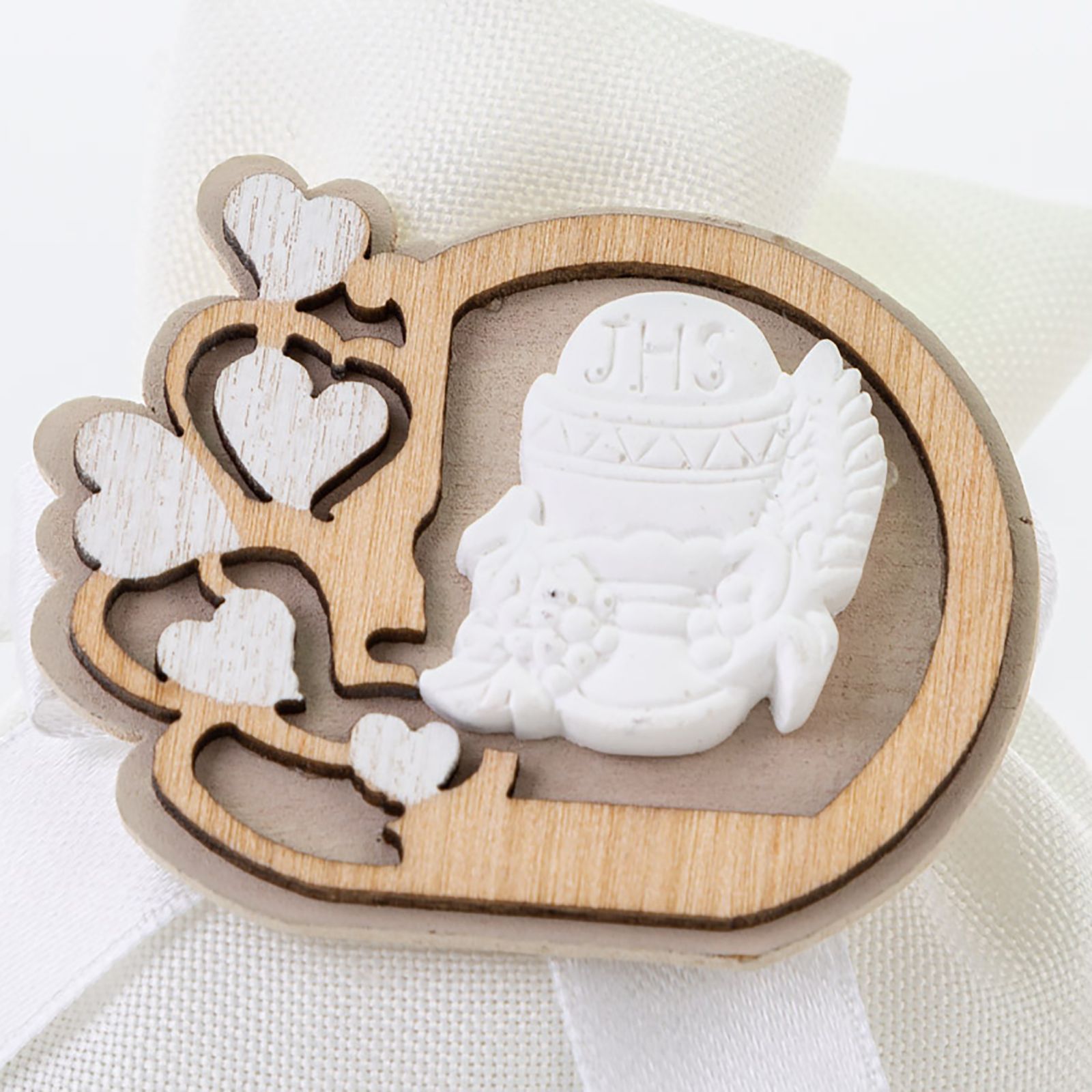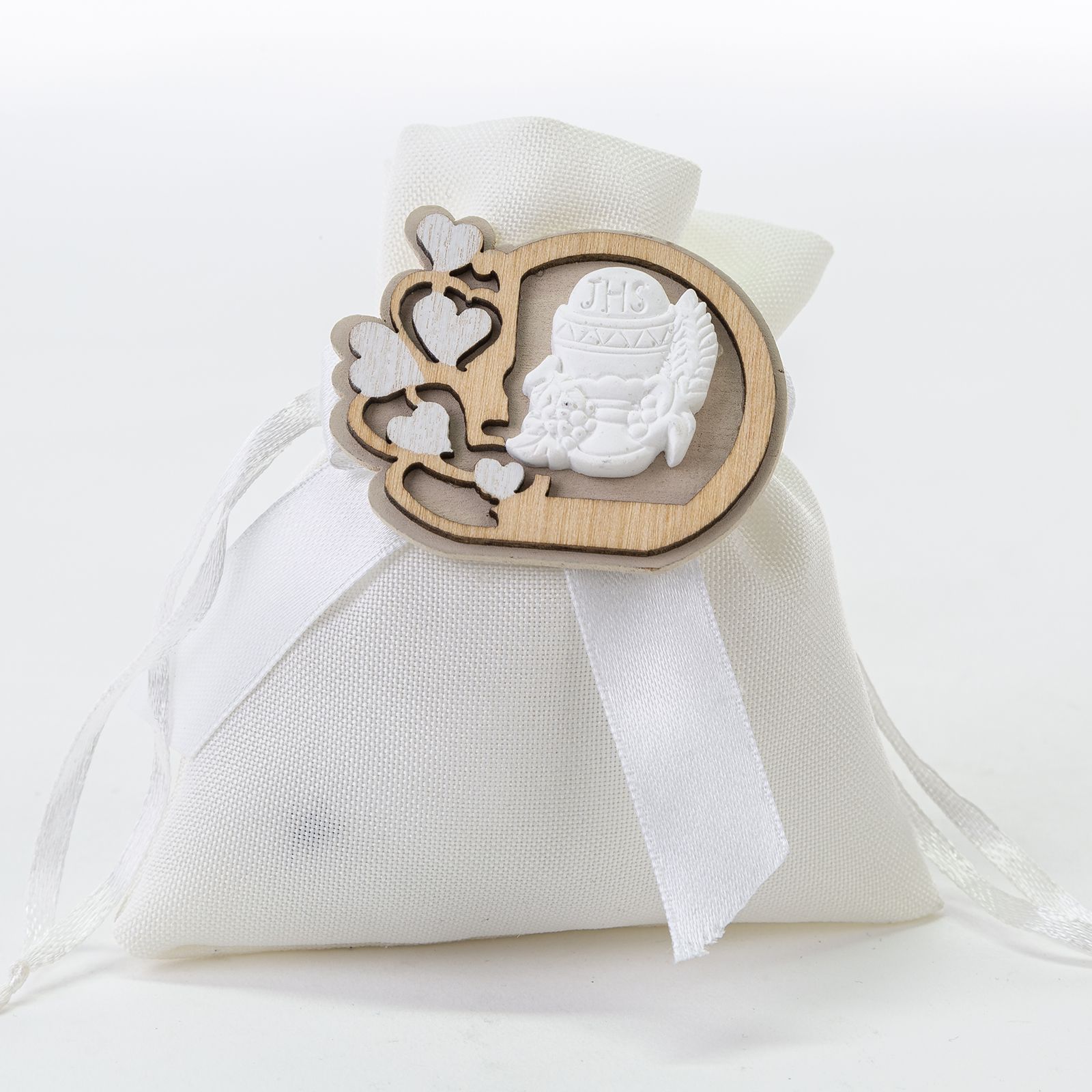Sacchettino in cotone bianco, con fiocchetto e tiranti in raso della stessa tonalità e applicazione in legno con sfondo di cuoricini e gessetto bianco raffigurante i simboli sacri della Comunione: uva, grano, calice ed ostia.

------------------------------------------------

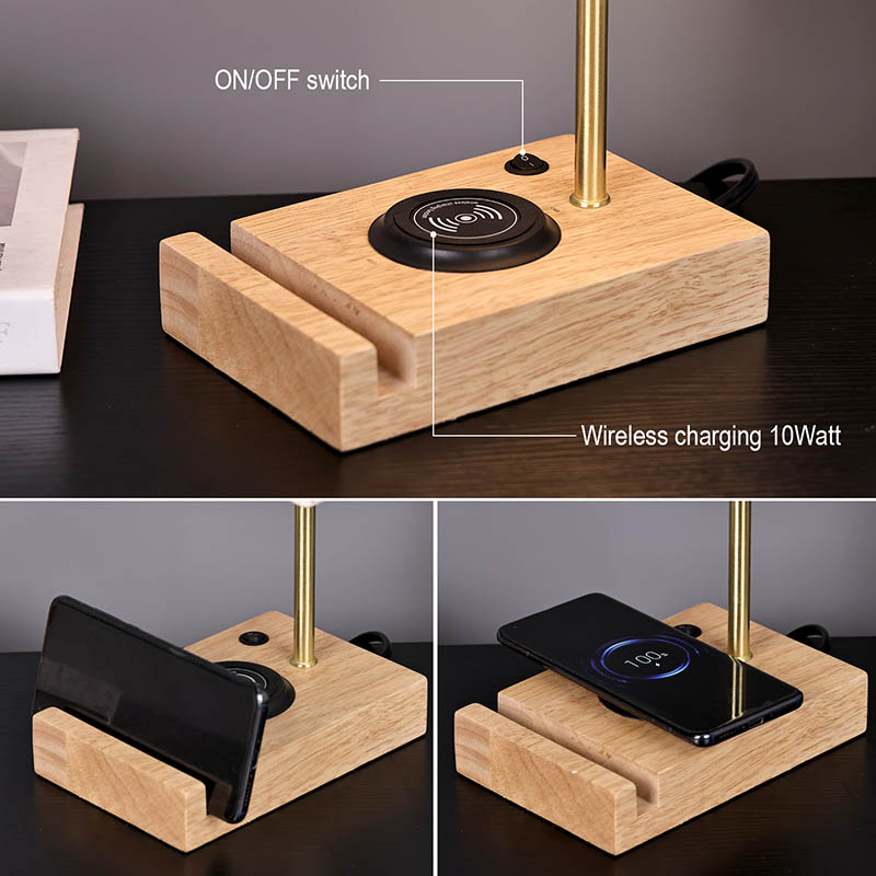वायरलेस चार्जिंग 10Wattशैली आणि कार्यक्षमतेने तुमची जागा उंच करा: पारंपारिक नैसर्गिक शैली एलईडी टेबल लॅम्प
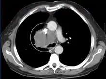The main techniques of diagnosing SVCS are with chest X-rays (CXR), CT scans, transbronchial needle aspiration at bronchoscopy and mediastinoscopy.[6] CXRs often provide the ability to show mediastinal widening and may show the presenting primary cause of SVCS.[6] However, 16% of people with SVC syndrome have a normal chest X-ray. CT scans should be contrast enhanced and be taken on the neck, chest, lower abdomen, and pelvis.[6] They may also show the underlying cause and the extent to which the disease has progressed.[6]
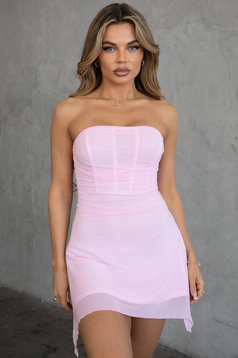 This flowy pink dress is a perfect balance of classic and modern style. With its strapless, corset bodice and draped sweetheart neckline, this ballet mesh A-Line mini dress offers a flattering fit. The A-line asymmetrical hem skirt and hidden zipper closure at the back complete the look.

------------------------------------------------

• **Work item**:
Within these entries, output exactly the lines starting at the one with "The main techniques" and finishing at the one with "This flowy pink". Leave pictures out of the output.

• **Answer area**:
The main techniques of diagnosing SVCS are with chest X-rays (CXR), CT scans, transbronchial needle aspiration at bronchoscopy and mediastinoscopy.[6] CXRs often provide the ability to show mediastinal widening and may show the presenting primary cause of SVCS.[6] However, 16% of people with SVC syndrome have a normal chest X-ray. CT scans should be contrast enhanced and be taken on the neck, chest, lower abdomen, and pelvis.[6] They may also show the underlying cause and the extent to which the disease has progressed.[6]
 This flowy pink dress is a perfect balance of classic and modern style. With its strapless, corset bodice and draped sweetheart neckline, this ballet mesh A-Line mini dress offers a flattering fit. The A-line asymmetrical hem skirt and hidden zipper closure at the back complete the look.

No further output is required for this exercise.